I walked back to my B&B to relax and pack things up before my appointment at Sagrada Familia. The church was thankfully quite close to my B&B, so it wasn’t long before I was gazing up at the striking insanity that is Antoni Gaudí’s unfinished masterpiece. When he died in 1926, the building was not even a quarter finished, and the expected finish date is projected to be 2026. Its facade is incredibly ornate, intricate carvings covering its entire surface. I wasn’t sure what I was expecting upon entering, but its interior is no less breathtaking. I’ve always thought that the giant pillars inside cathedrals look something like tree trunks, but apparently Gaudí intended the pillars to really look like trees, branching off dramatically at the ceiling. The rainbow of stained glass windows cast beautiful colours onto the stone. The place was packed, which wasn’t surprising given that it’s apparently the most visited monument in Spain. But the nice thing about its massive size is that you don’t really notice the crowds–that and you’re always craning upwards at the ceiling, so the buzz of the tourists sort of dies away.

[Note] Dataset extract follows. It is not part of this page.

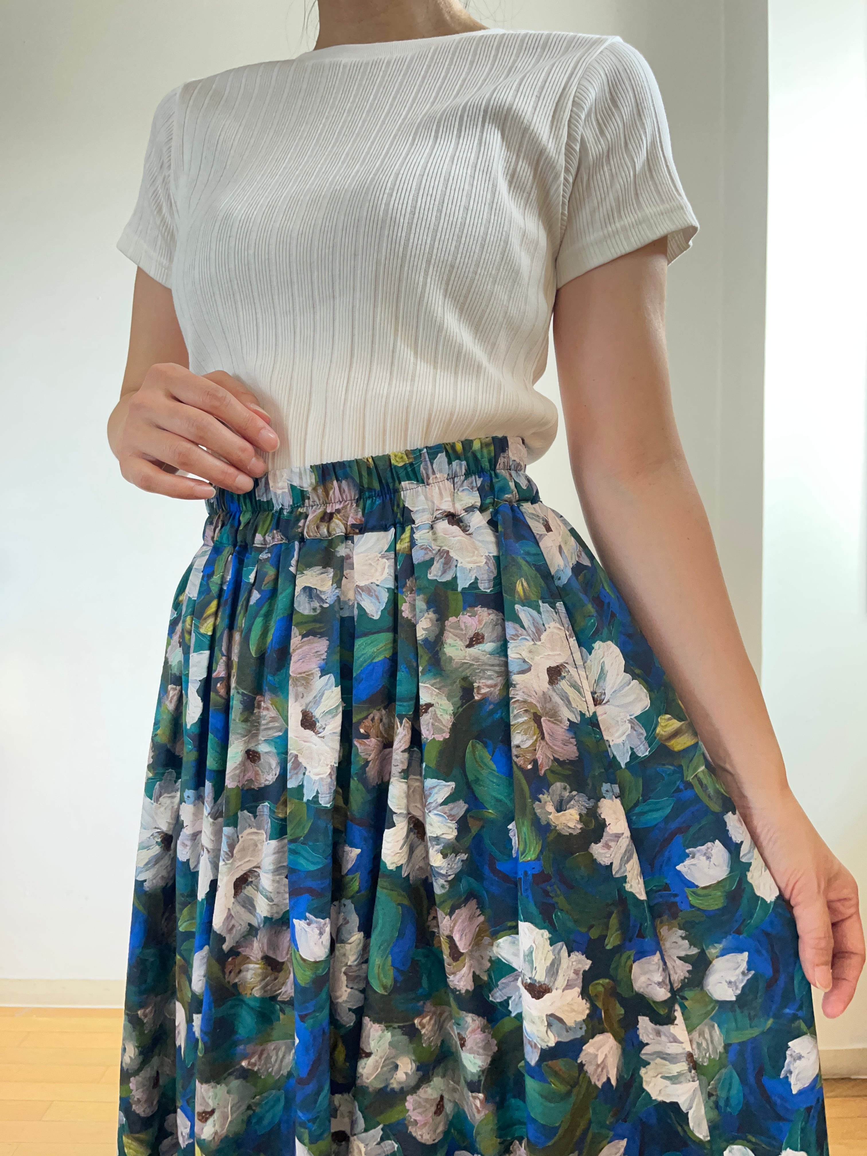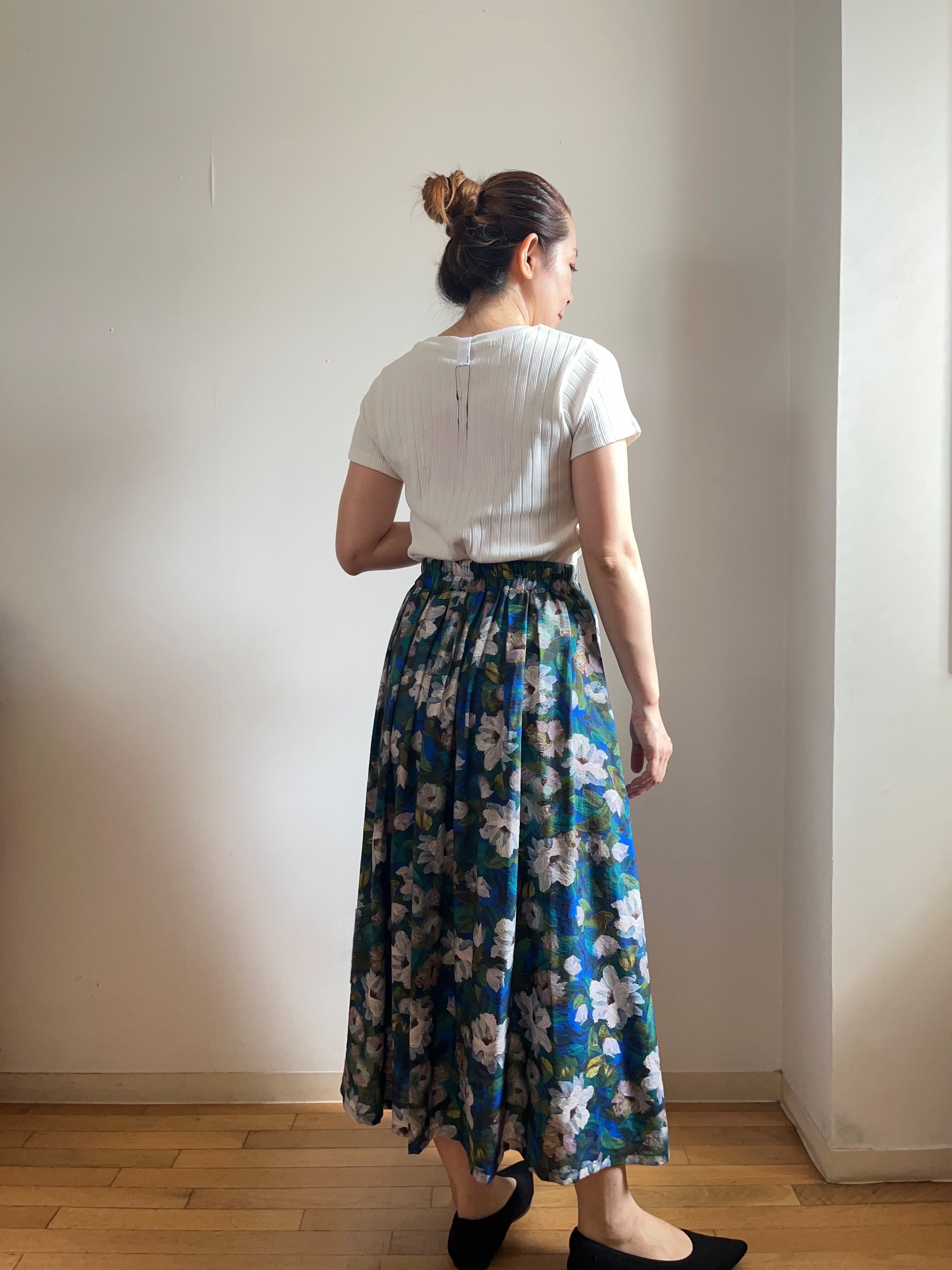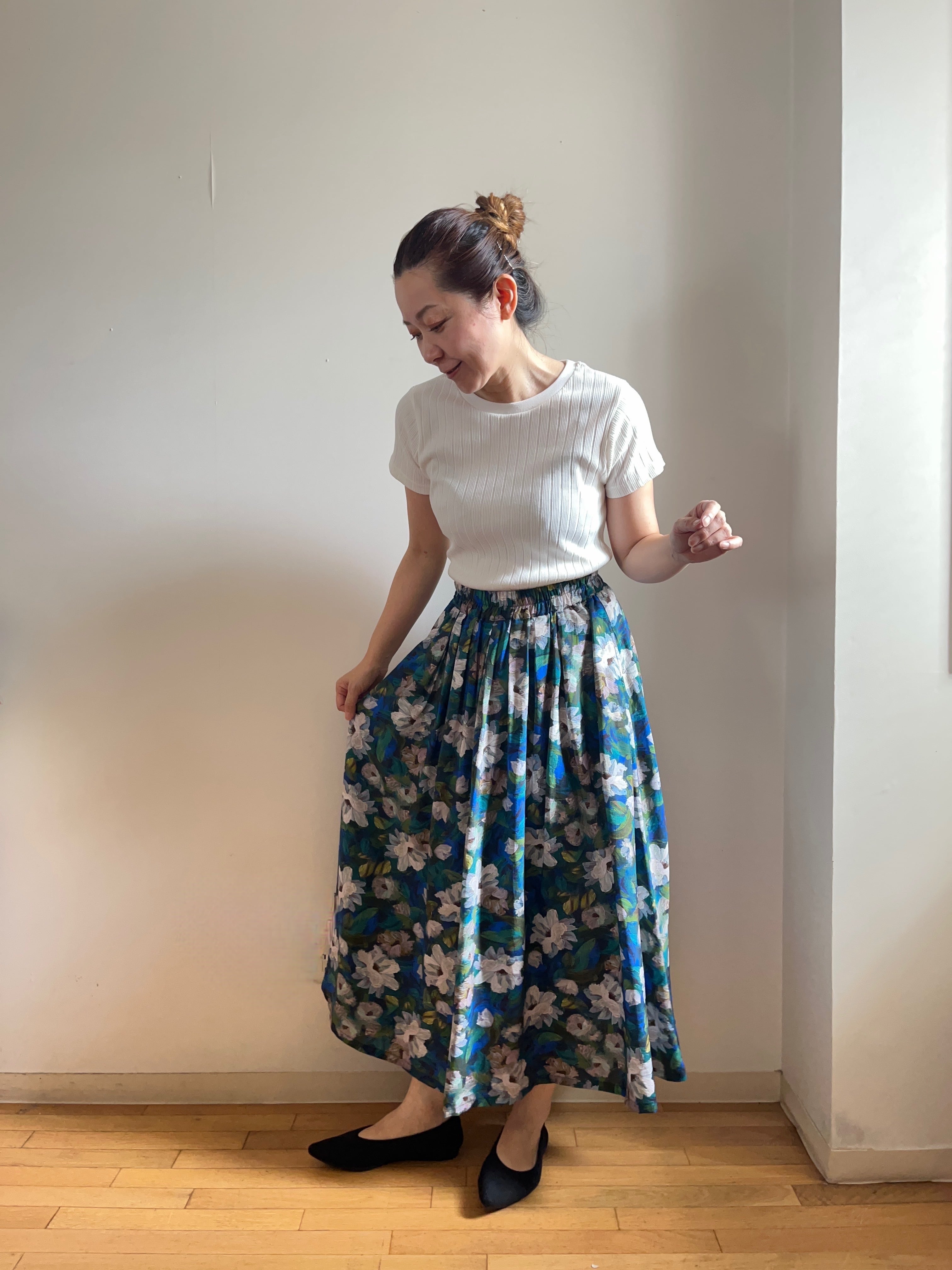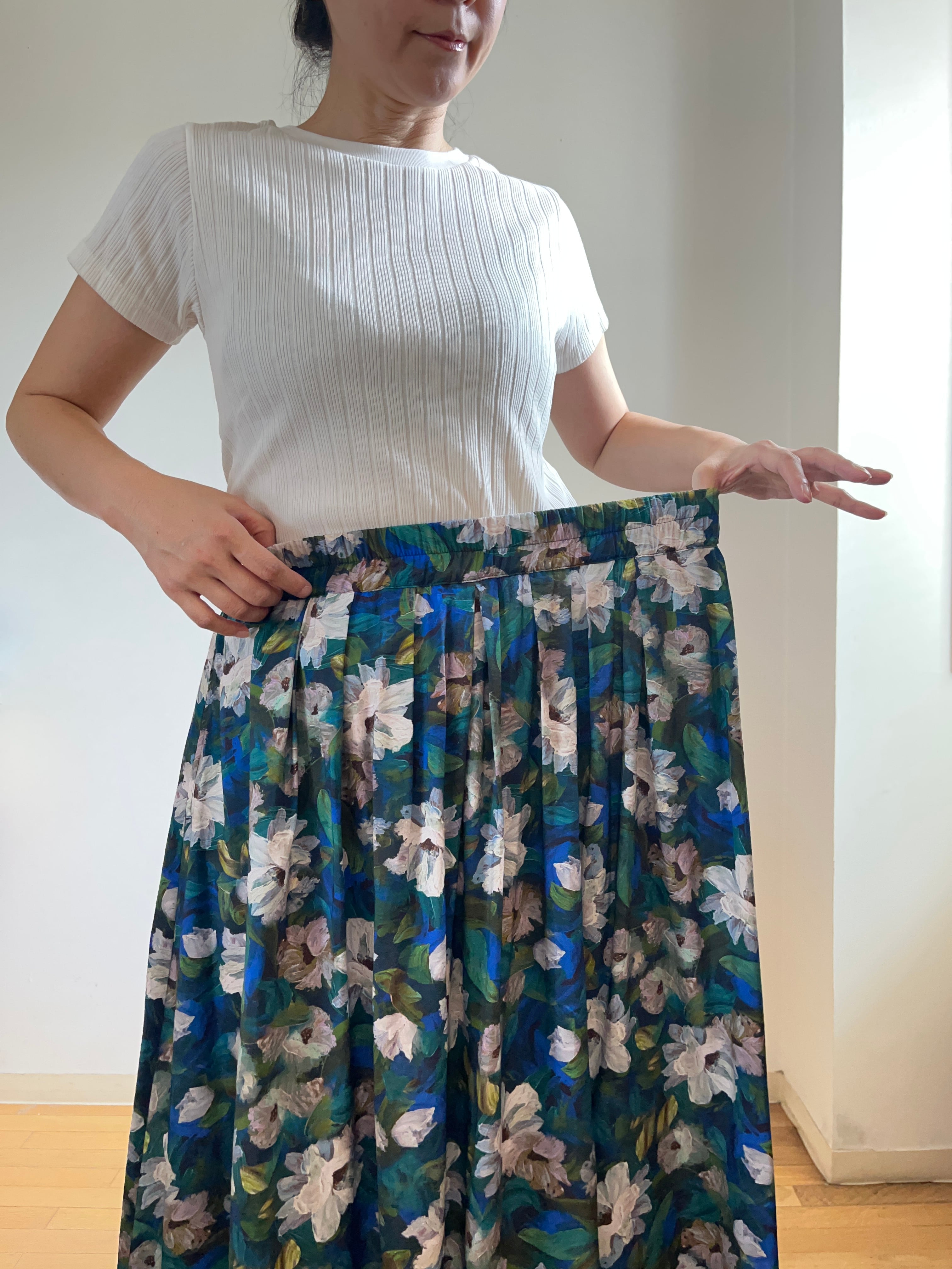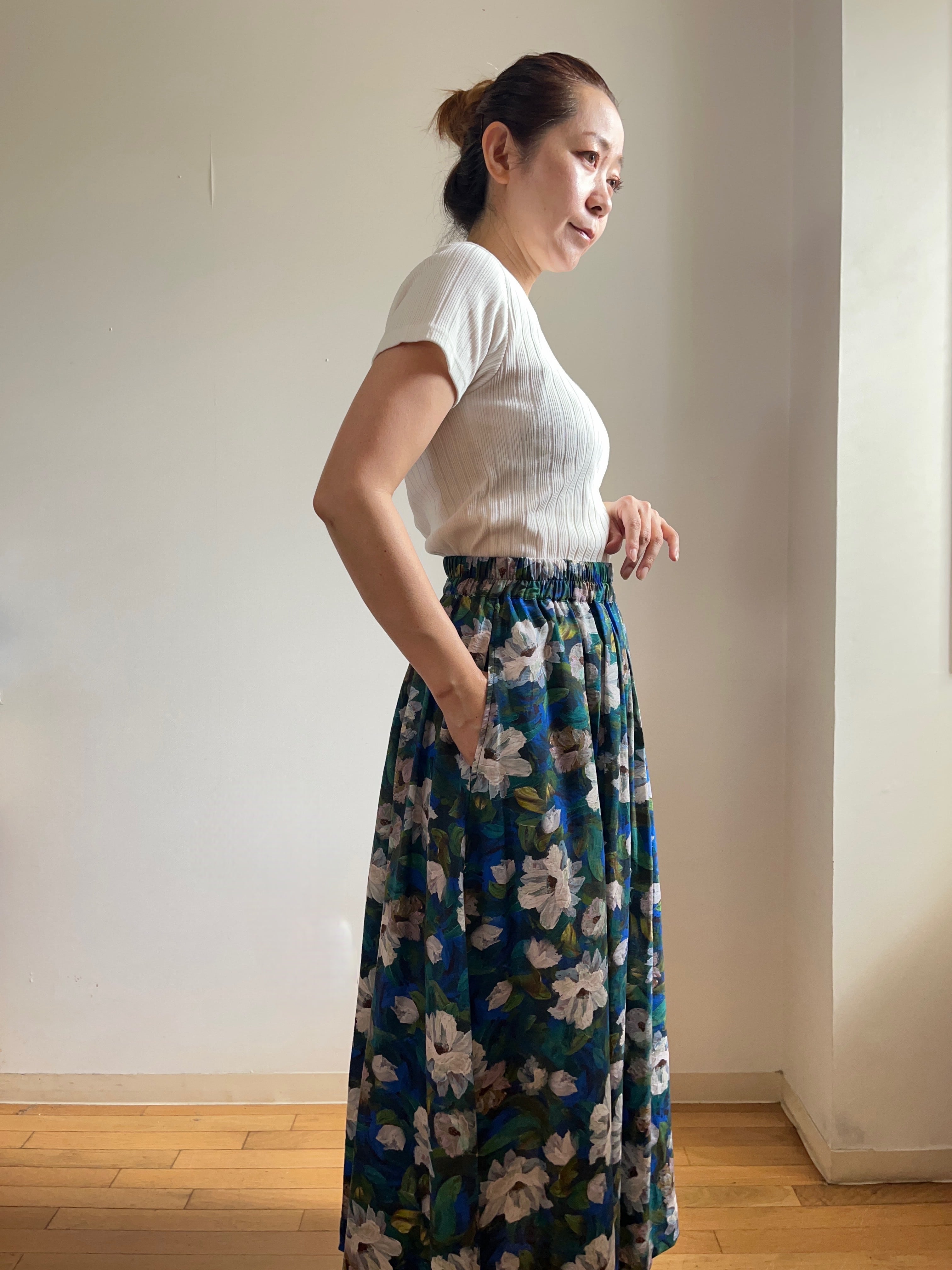 着るだけで華やかさと快適さを同時に楽しめる、大花柄のスカートです!

I don’t think I’d ever been in a church quite like this one–something so modern and avant-garde. I loved how different it was to anything I’d ever seen. I had also bought a ticket to go up one of the towers, so I waited in line for the elevator (which you only took up. You had to walk back down the 400 or so steps). You were let out onto a very small bridge area and peered through the metal bars to glimpse at the city and the construction being done on the church. It was actually more interesting going down the spiral staircase, peeking out the windows on the way down. After lingering outside, staring up in awe–there’s just so much going on, it’s hard to take it all in–I made my way to the metro and headed off.
My sister, being the stained glass aficionado that she is, recommended that I check out the Palau de la Música Catalana, as it apparently has a pretty epic stained glass ceiling. As it was a somewhat spur of the moment stop, I hadn’t done much research on it, so I when I arrived I learned that guided tours of the place ended several hours earlier. I was feeling determined/spontaneous, so I decided what better way to see a theatre hall than to see a show. There was a showing of Gran Gala Flamenco later that evening which seemed like the perfect opportunity, plus music and dance–two of my favourite things! I needed to eat something for dinner, so I checked out one of the recommended spots on my food list, El Xampanayet in the Gothic Quarter, which opened in 1929. The tiny place was packed, and I squeezed my way into a spot at the bar. One definitely had to jostle to maintain one’s position. They’re known for their cava, and I probably downed three delicious glasses in less than an hour (’tis the danger of cava). I enjoyed my tapas–salmon, bacon, Spanish omelette, all good things–before heading back up to the B&B. I didn’t have my glasses on me, which I would need to be able to see the show. I took the opportunity to change into something a little more “going to the theatre” before bolting back out the door.
I’d read that Palau de la Música Catalana is considered to be one of the most beautiful concert halls in the world. I’d have to say I’d concur with that assessment. It is truly breathtaking upon entering–you can’t help but just gape at the gorgeous stained glass ceiling and windows that line the hall, along with dramatic carvings emerging from each corner. I was giddy at the sight, pleased at my spontaneous decision to see a show and the inside of the theatre. The performance itself was great–fantastic dancers and musicians. The show was marred only by the pair of people sitting in front of me who were quite restless (I think because of the heat), and would often make it hard to see. Nevertheless, I’d never seen flamenco dance in person, and I was captivated. Speed and sass! The speed of their footwork, which reminded me a bit of certain moves of tap dancing, was amazing. As I always seem to after seeing a new dance style, I found myself wanting to learn its secrets and try it for myself. Next time I’m in Spain! Gracias Barcelona, you treated me well.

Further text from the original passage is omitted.